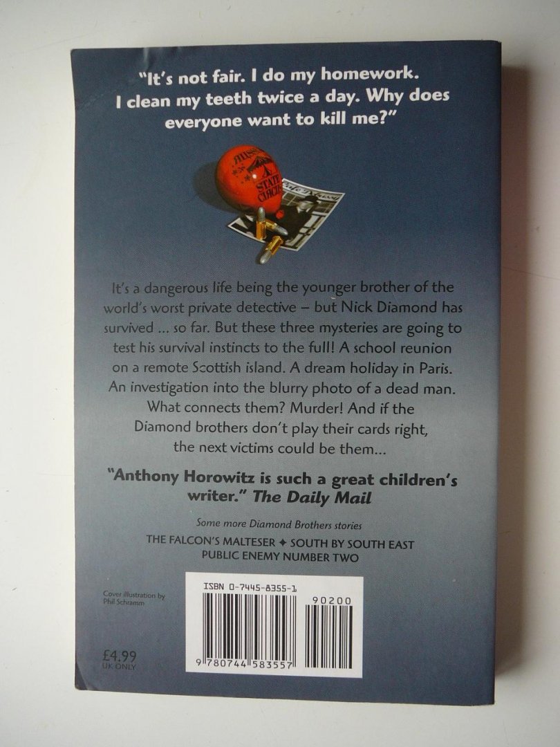 | Meer info: | Three hilarious mysteries from the "New York Times" bestselling author featuring the Diamond brothers--Tim, the world's worst private detective, and his quick-thinking brother Nick--are together in one volume. |
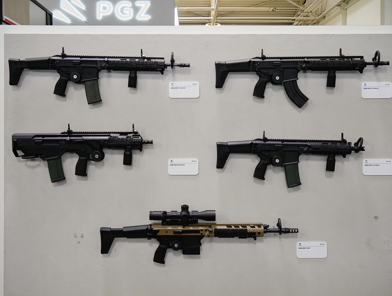 Przegląd sprzętu rozpocznę, od polskiego stoiska PGZ-tu, na którym eksponowano między innymi, kilka wersji karabinków MSBS Grot.
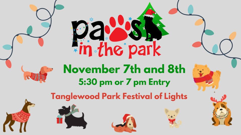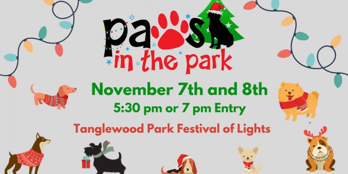 This unique event gives you the opportunity to bring your best four-pawed friends with you to walk through the enchanting Tanglewood Festival of Lights. Love cats and dogs? Paws in the Park welcomes all animal lovers to walk with or without your favorite four-pawed friend.
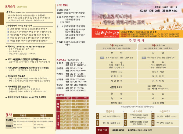 2023년 10월 29일 주보 (가야예배당) 페이지 정보 작성자 관리지기 작성일23-10-28 11:59 조회3,603회 댓글0건 관련링크 목록 본문 * 2023년 10월 29일 주보 (가야예배당) 댓글목록 등록된 댓글이 없습니다. 목록
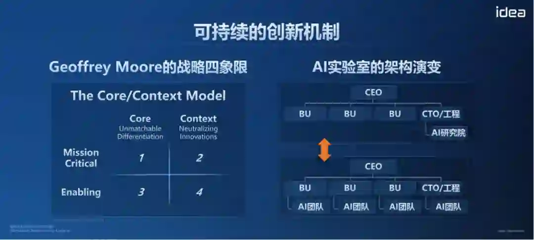 「孵化期」和「主流期」的成员都是企业创新团队的核心组成。「孵化期」的团队是否放在单独的 AI LAB、研究院等独立部门,不是关键。关键是这两类成员需要不同的人才标准和管理模式。
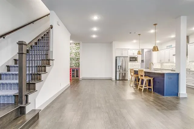 Welcome to this walkable community is in the heart of Fort Worth’s River District! Did you know? It’s only a block away from access to the Trinity Trails! Built in 2021, this beautiful home features 3 bedrooms, 3.5 bathrooms, 2-car rear entry garage and 3 living spaces! Thoughtfully designed, this home’s highlights are the wood floors, storage space, generous spaces, open design and custom upgrades. A favorite is the butler’s pantry just off the dining space with custom wallpaper, shelving, cabinetry and hardware! Located on the 2nd floor is a 2nd living room and all of the bedrooms with the primary suite being split from the 2nd and 3rd bedrooms. The full capacity laundry room resides on the 2nd floor as well. While on the 3rd floor, one will enjoy another oversized living room, full bathroom and the best outdoor balcony you’ll find! The views and the breeze from the balcony will make your sunrises and sunsets a completely delightful daily experience! Not only is this home perfect for urban living on the west-side of Fort Worth, it’s also perfect for entertaining and wonderfully adaptable to a lock and leave lifestyle.
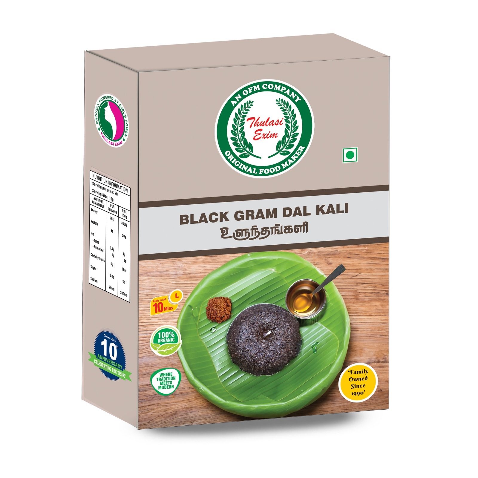 Thulasi Uluntham Kali comes ready to cook. Just add water and stir over low heat until it thickens. Serve warm with a drizzle of gingelly oil or ghee.
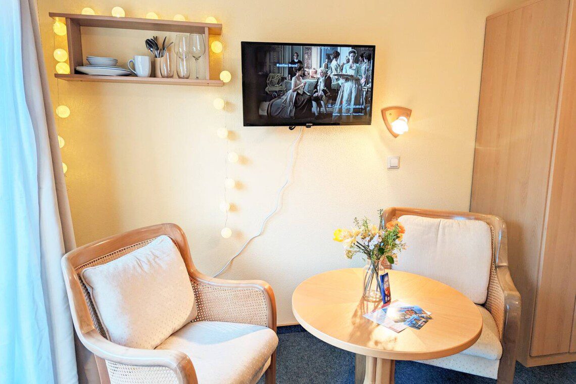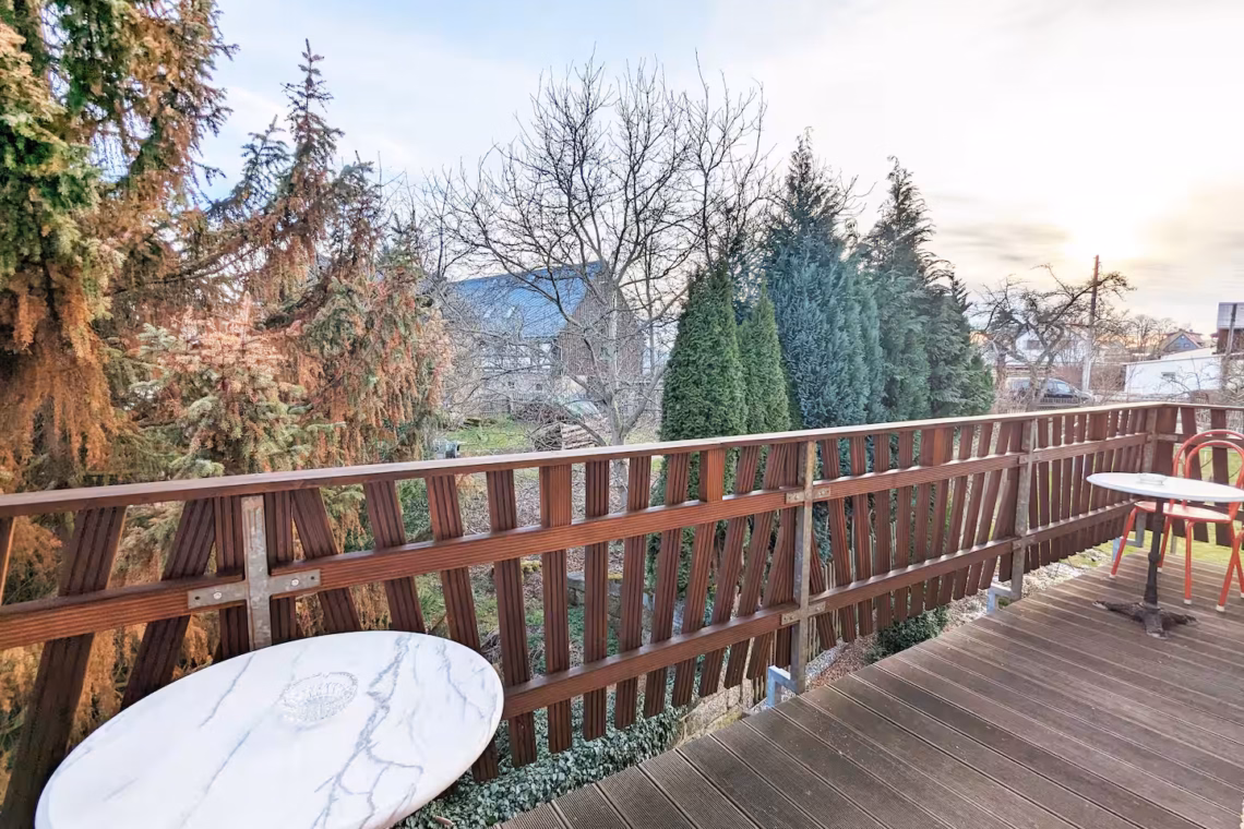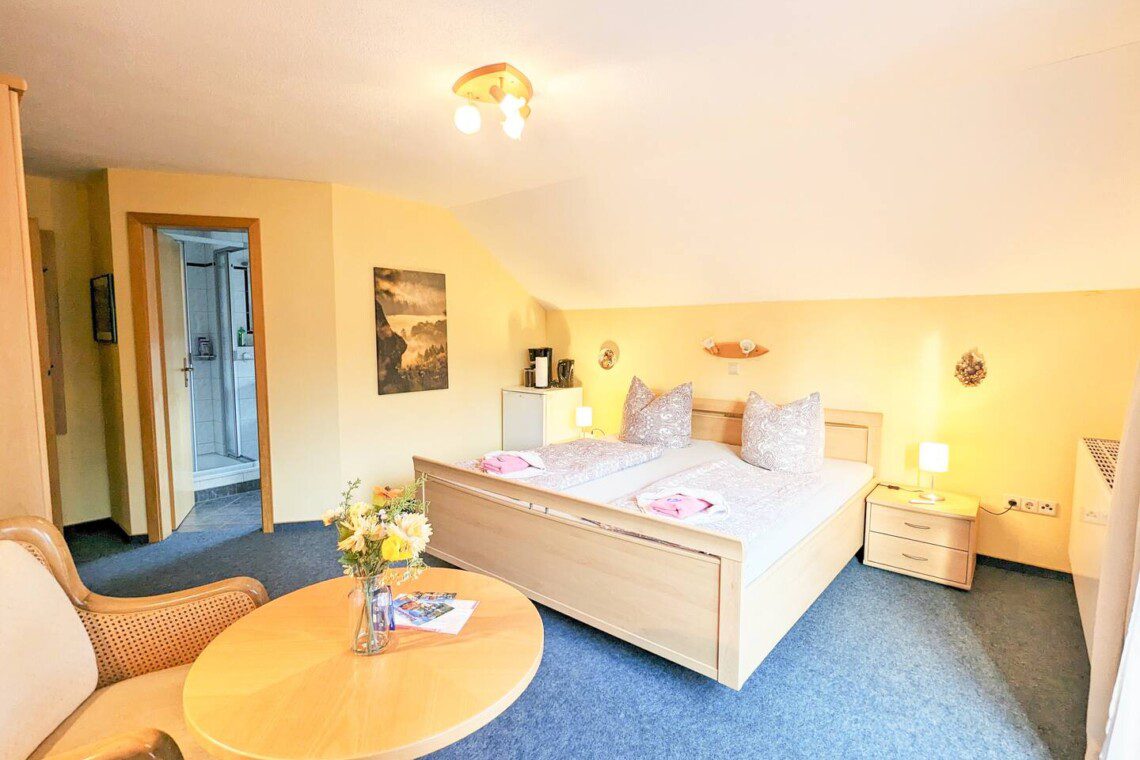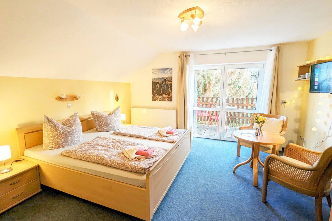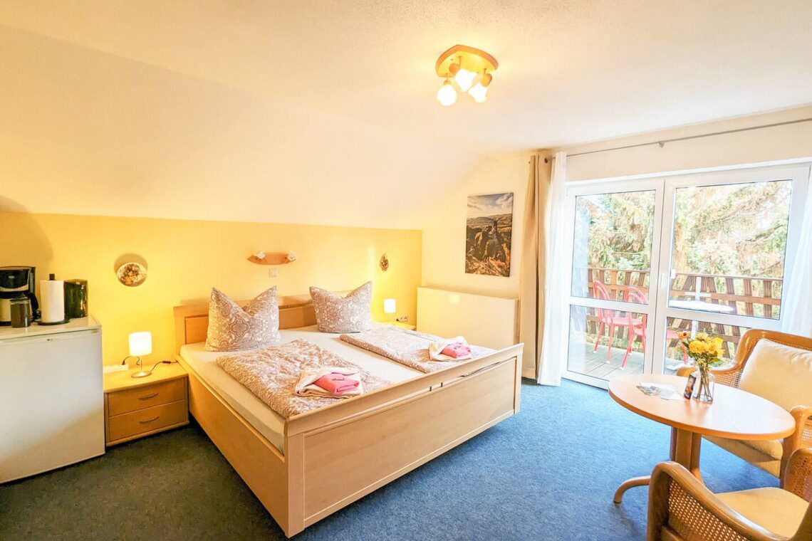 Dein gemütliches Zimmer mit eigenem Balkon und Bad bietet dir alles für einen entspannten Aufenthalt. Es gibt keine Küche, doch ein Kühlschrank hält Getränke und Snacks kühl, und mit Kaffeemaschine und Toaster kannst du dein Frühstück bequem im Zimmer zubereiten. Im Sommer lädt die Gemeinschaftsterrasse vor dem Haus zum Grillen ein. Von der Unterkunft aus kannst du direkt zu Wanderungen starten und bist schnell inmitten der beeindruckenden Sandsteinfelsen.
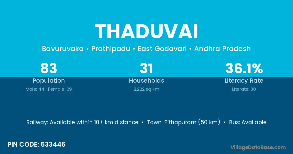 Pithapuram (50 km) is the nearest town to Thaduvai village for major economic activities and is located approximately 50 km away.
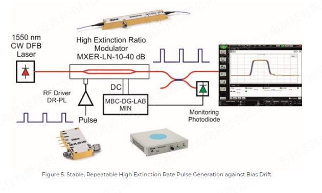 高度通用的MX-LN-10有一個(gè)X-cut設(shè)計(jì),廣泛的工作條件,以及零啁啾性能和無與倫比的穩(wěn)定性。iXblue專有的波導(dǎo)設(shè)計(jì)提供了低插入損耗和高消光比。MX-LN-10由于具有高帶寬、穩(wěn)定性好和低插入損耗,非常適合用于BOTDA系統(tǒng)的DSB-SC。DR-AN-10-HO是一種寬帶射頻放大器模塊,設(shè)計(jì)用于頻率高達(dá)11GHz的模擬應(yīng)用。DR-AN-10-HO具有低噪聲系數(shù)和線性傳遞函數(shù)的特點(diǎn),其1dB壓縮點(diǎn)大于23dBm。它在整個(gè)帶寬上表現(xiàn)出平坦的群延遲和增益曲線,波動(dòng)很小,該放大器模塊非常適合匹配MX-LN-10做DSB-SC應(yīng)用。 利用MBC-DG-LAB和MBC-DG-board可以鎖定馬赫-曾德爾調(diào)制器的工作點(diǎn),保證了對(duì)偏置漂移的長(zhǎng)期穩(wěn)定性。
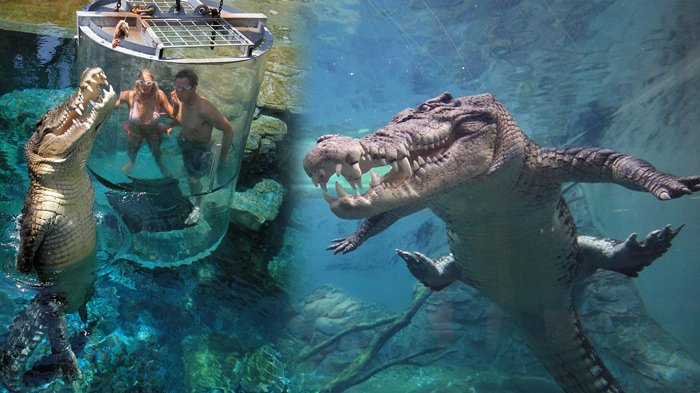 Ketika buaya mendekati kandang akrilik yang melindungi para wisatwan adalah saat menegangkan yang mampu memacu adrenalin.
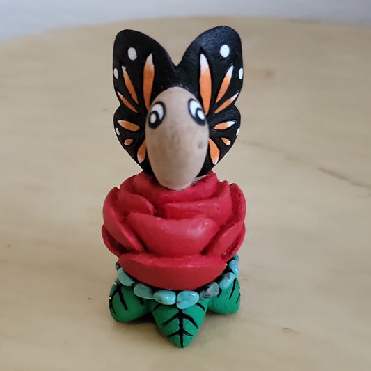 Cottonwood Root Handpainted Butterfly w/Rose Zuni Fetish/Folk Art
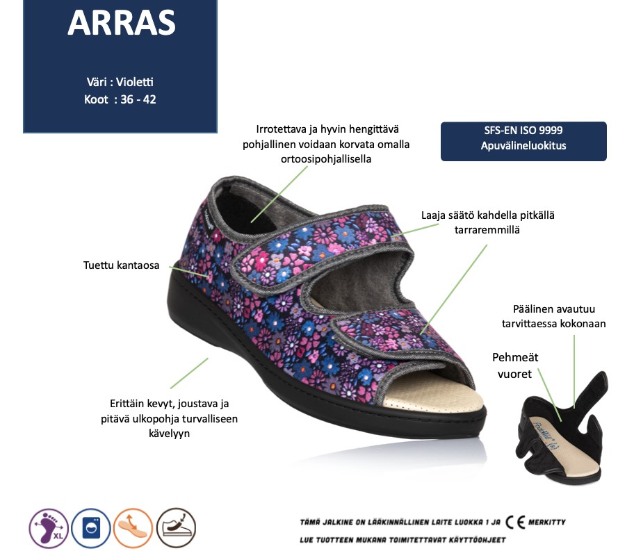 - Sopii koti- ja laitosjalkineeksi. Esim. turvonneille, operaation jälkeisille tai sidotuille jaloille
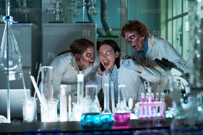 Молодые работники лаборатории играют в шутки с коллегами на Хэллоуин
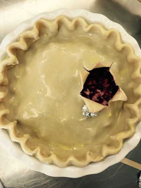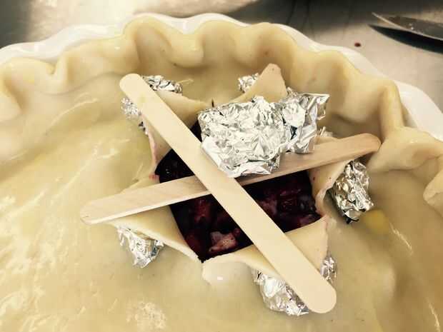 Suavemente el rodillo los bordes de su orificio y utilizar soportes para mantenerlos en su lugar como gustaría a cocinar. He utilizado bolas de papel de aluminio para apoyar la parte inferior de la tarta, y palos de paleta para peso suavemente la parte superior hacia abajo. He decidido no usar palillos de dientes para evitar antiestéticos agujeros.

__WORK ORDER__: Transcribe exactly the lines that go from the one holding "高度通用的MX-LN-10有" through the last line of the entries, both included, and nothing besides them. Do not include any pictures.

__PROBLEM SOLUTION__:
 高度通用的MX-LN-10有一個(gè)X-cut設(shè)計(jì),廣泛的工作條件,以及零啁啾性能和無與倫比的穩(wěn)定性。iXblue專有的波導(dǎo)設(shè)計(jì)提供了低插入損耗和高消光比。MX-LN-10由于具有高帶寬、穩(wěn)定性好和低插入損耗,非常適合用于BOTDA系統(tǒng)的DSB-SC。DR-AN-10-HO是一種寬帶射頻放大器模塊,設(shè)計(jì)用于頻率高達(dá)11GHz的模擬應(yīng)用。DR-AN-10-HO具有低噪聲系數(shù)和線性傳遞函數(shù)的特點(diǎn),其1dB壓縮點(diǎn)大于23dBm。它在整個(gè)帶寬上表現(xiàn)出平坦的群延遲和增益曲線,波動(dòng)很小,該放大器模塊非常適合匹配MX-LN-10做DSB-SC應(yīng)用。 利用MBC-DG-LAB和MBC-DG-board可以鎖定馬赫-曾德爾調(diào)制器的工作點(diǎn),保證了對(duì)偏置漂移的長(zhǎng)期穩(wěn)定性。
 Ketika buaya mendekati kandang akrilik yang melindungi para wisatwan adalah saat menegangkan yang mampu memacu adrenalin.
 Cottonwood Root Handpainted Butterfly w/Rose Zuni Fetish/Folk Art
 - Sopii koti- ja laitosjalkineeksi. Esim. turvonneille, operaation jälkeisille tai sidotuille jaloille
 Молодые работники лаборатории играют в шутки с коллегами на Хэллоуин
 Suavemente el rodillo los bordes de su orificio y utilizar soportes para mantenerlos en su lugar como gustaría a cocinar. He utilizado bolas de papel de aluminio para apoyar la parte inferior de la tarta, y palos de paleta para peso suavemente la parte superior hacia abajo. He decidido no usar palillos de dientes para evitar antiestéticos agujeros.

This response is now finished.